Though everyone there is playing the Point of Existence mod lately, so grab that.
 
 
Alex's Grandma
22:18 / 19.09.06
Sims 2 - I'd murder the bastards.

I dare say the Sims that ... friends of mine are involved with will got to heaven when they die, because they have lived in hell.

But presumably it's possible to have them abducted by aliens in the meantime ...? Thoughts on how to drag Bob and Betty under, in a way they won't easily recover from - killing them, quite obviously, is not enough.
 
 
Janean Patience
09:49 / 23.09.06
Finished The Punisher with only a little light cheating and I'm glad it's over. Before I played the game I'd read the first couple of Punisher MAX hardbacks, and I was beginning to feel like Frank Castle. Knee-deep in gore, sick and addicted to death, inwardly waiting for my only possible salvation, the bullet between the eyes that would end my eternal punishment once and for all.

Perhaps that's why, when I switched to FarCry Instincts, I didn't do very well.
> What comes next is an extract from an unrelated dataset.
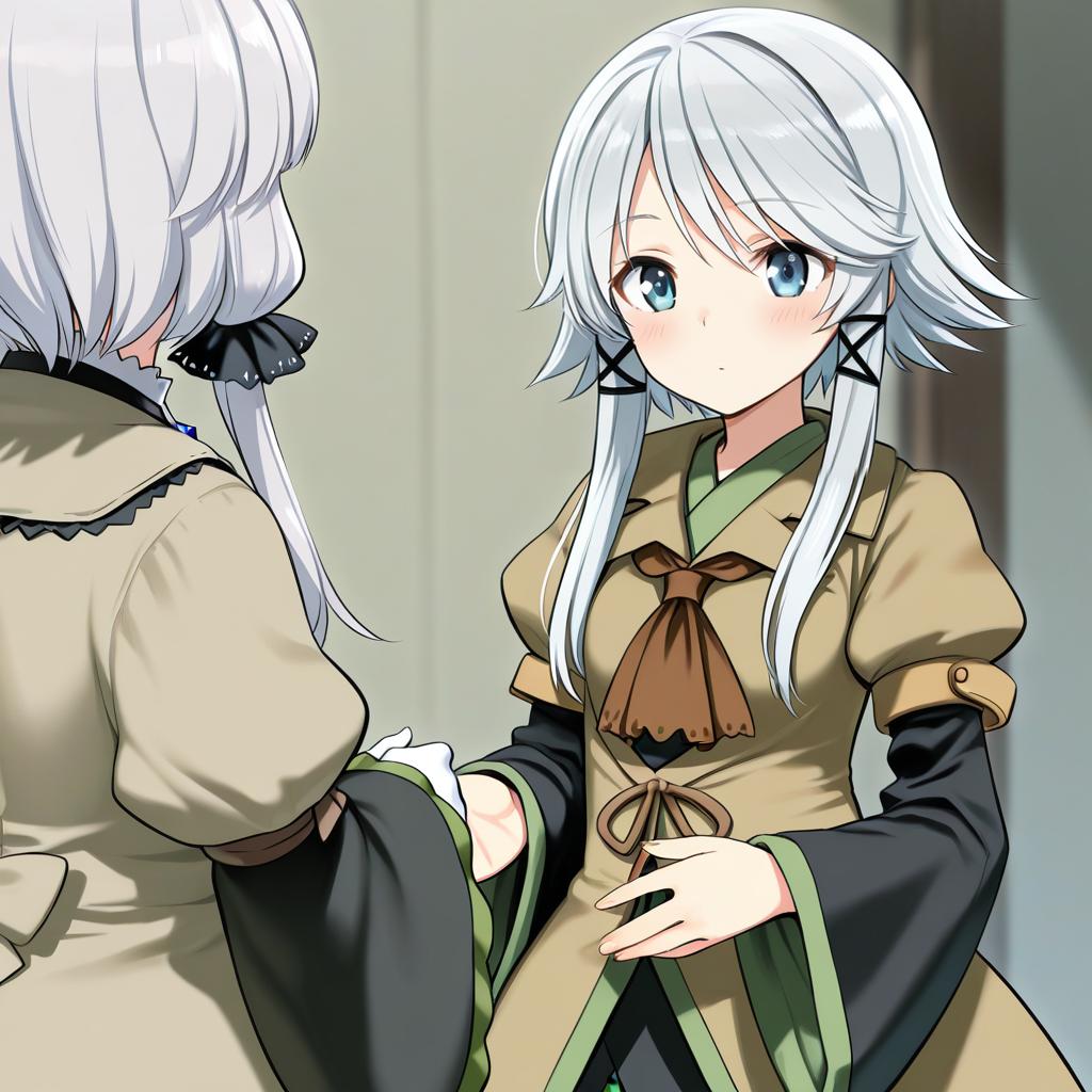 Houlen yabusame, len'en, 1other, grey eyes, grey hair, short hair, short hair with long locks, brown coat, short over long sleeves, puffy short sleeves, wide sleeves, ascot, by artist shimada fumikane, illustrious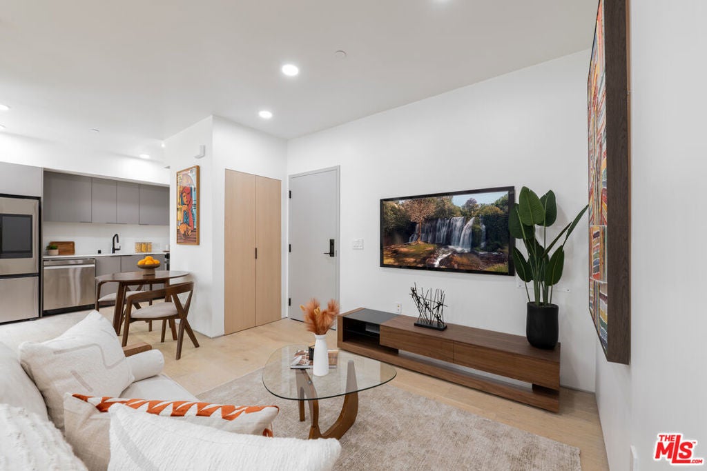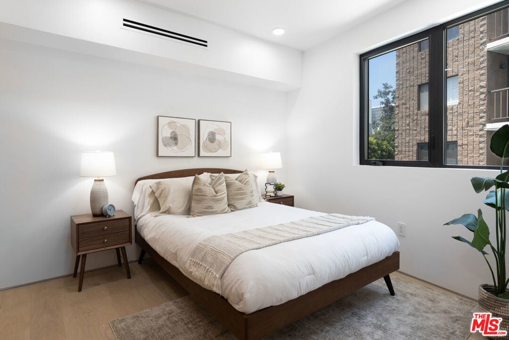 2025 Ultra-Modern Boutique Condominium in Prime Westwood. A brand-new 2025 architectural gem, this boutique building of only 15 residences is just minutes from UCLA and Westwood Village-perfect for students, faculty, or professionals seeking elegance, convenience, and walkability.This 4th-floor 1BR/1.5BA residence offers open-concept living with oversized black-framed windows, oak hardwood floors, custom built-ins, and refined luxury tile finishes. The designer kitchen showcases European cabinetry, quartz countertops, and premium Thermador appliances in select units, creating a stylish space for everyday living or entertaining. The bedroom includes an en-suite bath with a bathtub/shower combination.Residents enjoy secure parking, elevator, an elegant high-ceiling lobby, and exclusive top-floor penthouse units with private rooftops offering breathtaking city and mountain views. Set on a quiet, tree-lined street, the location offers effortless access to campus, cafes, fitness studios, shopping, and transit, with Beverly Hills, Century City, and Santa Monica just minutes away.Experience modern design, boutique exclusivity, and a Westwood lifestyle at its finest.

Or perhaps I'm just not very good at it. Confident of my ability to master any FPS quickly, I crash through the jungle and get my ass shot off by soldiers. So I start again, creep around, get spotted and get shot. I lay branch traps and blunder into them. I try to be stealthy and fail. I feel like me let loose on a tropical island full of soldiers, not some ex-Special Forces dude who can handle it. Is this how it's meant to be? Should my stealth be working?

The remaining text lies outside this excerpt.